Functional pathways represented across the VIP
The gene ontology terms for biological processes (GOBP) were automatically searched within each list of VIP which were uploaded by their official gene symbol. The Database for Annotation, Visualization and Integrated Discovery (DAVID) bioinformatics resource database (v6.7; http://david.abcc.ncifcrf.gov) was used, with Homo sapiens as background for mapping and enrichment analysis.
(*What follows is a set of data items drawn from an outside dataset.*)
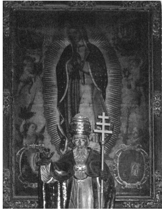
2. Virgen de Guadalupe . Iglesia del Convento de San Jerónimo de Granada. Anónimo. Siglo XVIII. Óleo sobre lienzo.

La mayoría de las pinturas guadalupanas conservadas en España son anónimas. El hecho de que estén firmadas es por tanto excepcional, aumenta su interés y permite datarlas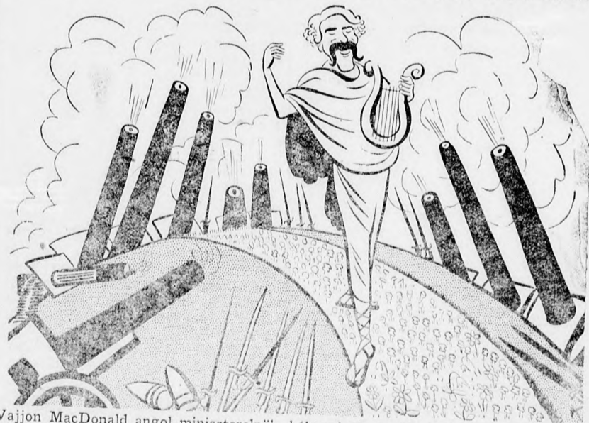
Vajjon MacDonald angol miniszterelnök békeszövege az ágyuk és fegyverek hangját túl fogja-e harsogni?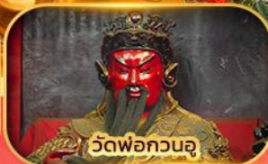
วัดพ่อกวนอู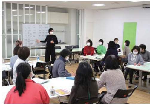
2023年度のサポーター養成研修の様子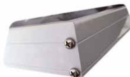
Окрашенная алюминиевая рама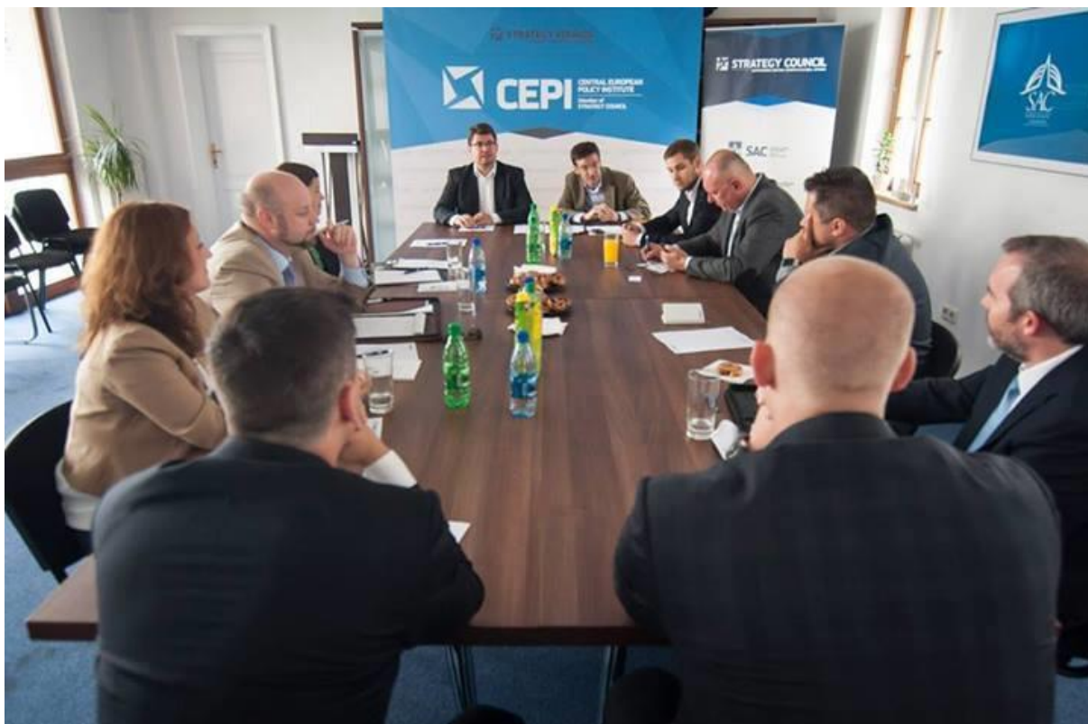
Think Visegrad U.S. Fellowship Program 2014, Bratislava – 8. – 10. júl 2014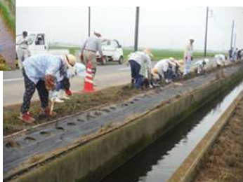
ヒガンバナの植栽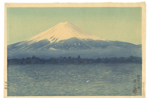
Der See Kawaguchi , Watanabe Shozaburo (Kako) (1885–1962), Farbholzschnitt, 43 x 29,2 cm, Japan, Frühjahr 1937

Bitte tragen Sie im Museum und während der Führung eine FFP2-Maske oder einen medizinischen Mundschutz.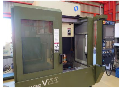
立型マシニングセンター 牧野フライス V22 2005年製 Professional5 HSK-E32 管理番号:P007691 置場:東日本マシンブラザ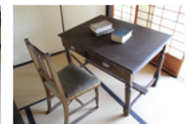
顕微鏡を覗きやすくするため傾斜がつけられた研究用の机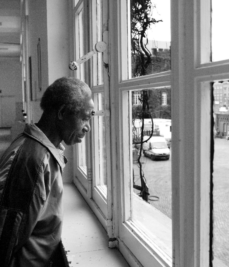
Asielzoeker in opvang van Fedasil, Klein Kasteeltje, Brussel © Marcel Van Colie, 2008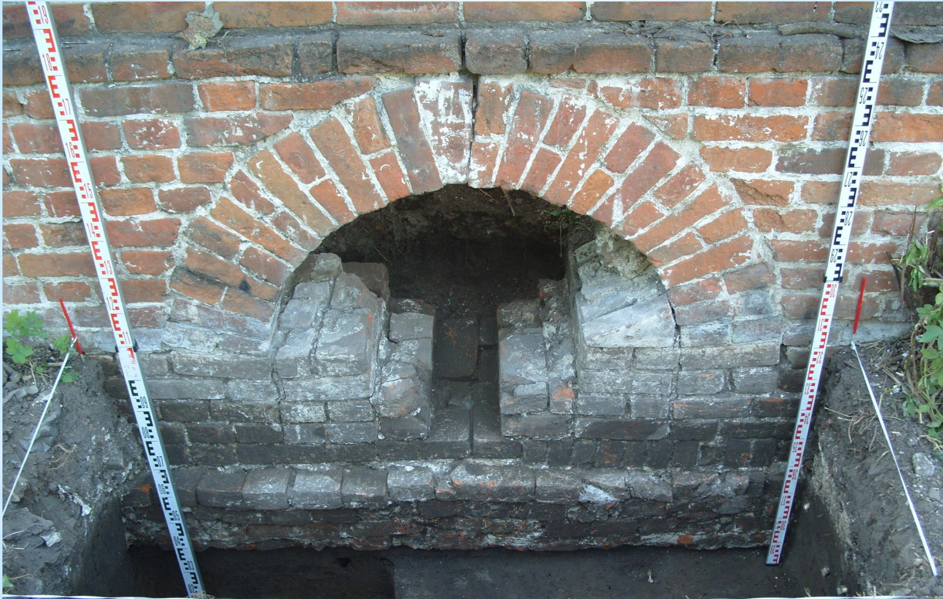
Вид дренажа после расчистки:

The results were downloaded using the “Functional annotation clustering” option of the DAVID tool, and medium clustering stringency was selected to generate the functional groups across the genes based on a priori knowledge . For each term, the enrichment (E) score (measured by the geometric mean of the EASE score of all enriched annotations terms for each cluster) and the modified Fisher exact P-value were obtained. Altogether, E > 1.0 and P < 0.05 were considered to list the significantly top-enriched clusters of genes.
Commonalities across VIP between feed efficiency traits
To deduce the commonalities across the VIP retained for the different FE traits (RFI, FCR and FCRe), the free online VENNY tool [http://bioinfogp.cnb.csic.es/tools/venny/index.html] was used to handle each VIP by its corresponding gene name, and then, to edit VENN diagrams.
Quantitative real-time PCR (qPCR)
Expression levels of 24 target genes identified as common VIP for at least two FE traits and (or) participating to pathways judged as biologically-relevant for one FE trait, were further determined in the same longissimus muscle samples (n = 71) where microarrays data have been generated. The SmartChip Real-Time PCR system (Wafergen) available at the Human and Environmental Genomics (GEH) technological core facilities (Rennes, France), was used. Total RNA was extracted as described previously [4, 8]. First-strand cDNA synthesis was performed with 1 μg of total RNA used for microarray analysis, by using High Capacity RNA to cDNA Kit (Applied Biosystems, Foster City, USA). Primers (Additional file 7) were designed from porcine sequences available in Ensembl or NCBI databases using Primer Express® v3.0 software (Applied Biosystems). Detailed information on the primer sequences (forward and reverse) is provided in Additional file 4. Amplification reactions were carried out using LightCycler 480 SYBR Green 1 Master (Roche Diagnostics, Meylan, France) with a final cDNA concentration of 1 ng/μL and a primer concentration of 500 nM dispensed using the WaferGene SmartChip Multisample Nanodispenser. Amplification conditions were as follows: 5 min at 95 °C followed by 50 cycles of 30 s at 95 °C, 30 s at 60 °C and 30 s at 72 °C, followed by 15 s at 95 °C and 1 min at 60 °C. Specificity of the amplification products was checked by dissociation curve analysis. As stated by the GeNorm algorithm (https://genorm.cmgg.be/), RPL4 and TBP1 were identified as the most stable housekeeping genes among other tested reference genes, and were used to calculate the normalization factor (NF). For each gene, the normalized expression level N was calculated according to the formula: N = E-ΔCq (sample-calibrator)/NF where E was calculated from the slope of calibration curve, Cq was the quantification cycle, and the calibrator was a newly generated biological sample constituted by the pool of the 71 samples. For all studied genes, E was between 1.82 and 2.10.
Linear regression models
Differences in expression values of the 24 genes between low and high RFI groups were first evaluated using variance analysis (GLM procedure) for the effect of RFI line on the SAS software (SAS, Cary NC). Then, regression models on mRNA levels of these 24 genes were applied to determine the prediction accuracy for RFI, FCR and FCRe, respectively, considering RSQUARE selection (i.e., the independent variables that best predict the dependent variable by linear regression) or stepwise option (i.e., the variables are added one by one to the model). As recommended, P < 0.15 was used as threshold to retain significant variables in the stepwise regression model. Additional regression analyses were also performed using final BW as an explicative factor of FCR in supplement to expression levels of the target genes.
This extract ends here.